At the beginning of this year we took our oldest son into Neurology. Initially this was to get a consult about an old brain injury, and for more diagnostics. He had all kinds of problems, and the older he was getting, the harder they were getting to manage, and so here we sat, hoping for some answers. They measured his head, his arms, made a few comments, and took some blood. I didn't get any answers. They were thinking maybe Klinefelter's syndrome (a double X chromosome in boys). Negative. Fragile X? He had symptoms of Autism, maybe that was it? Negative. Then it came back that he had a chromosome duplication on the 22nd chromosome. There isn't a name. 22q11.2 Duplication is all we got. There was no more information on it except what they had printed off for me from the internet.  They sent us to Genetics. They didn't have any other information for us either. He was 15 years old and we just now get this diagnosis? After years and years of me going to doctors asking and begging for answers. Vague at the best, misdiagnosis at the worst, and dismissed most of the time is what we ended up with. Later this year we got an official Autism diagnosis, and then Bipolar disorder diagnosis. Along with this came ADHD, pectus excavatum and Polland syndrome, possible cerebral palsy, traumatic brain injury, and some odd bone structure things. Lots of learning disabilities and processing problems. Lots of stress for a boy to deal with.
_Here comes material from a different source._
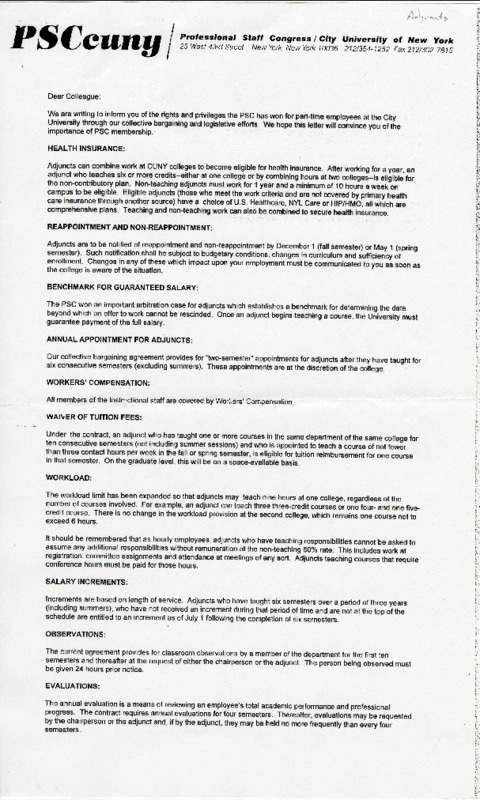 This 1996 memo by the Professional Staff Congress (PSC) staff,enumerated the rights and privileges that adjuncts had gained in the most recent collective bargaining agreement and legislative efforts.

I'm excellent at research. I will research all kinds of stuff. Things like how to fix my dryer to the black midwives of the old south, from Lewis and Clark's expedition (fascinating stuff there), to how to move overseas. What ever question came up, I researched it. With all of my son's diagnosis, I researched everything I could that I could understand on it.  And then someone mentioned Genetics to me. Why not become a genetics counselor? So I researched how to become a genetics counselor, and this is how I got to Pre Med's doorstep at almost age 41.

4 years of schooling. I can do this!!!

My first three classes: Anatomy and Physiology, Microbiology, and Research Methods for Health Sciences.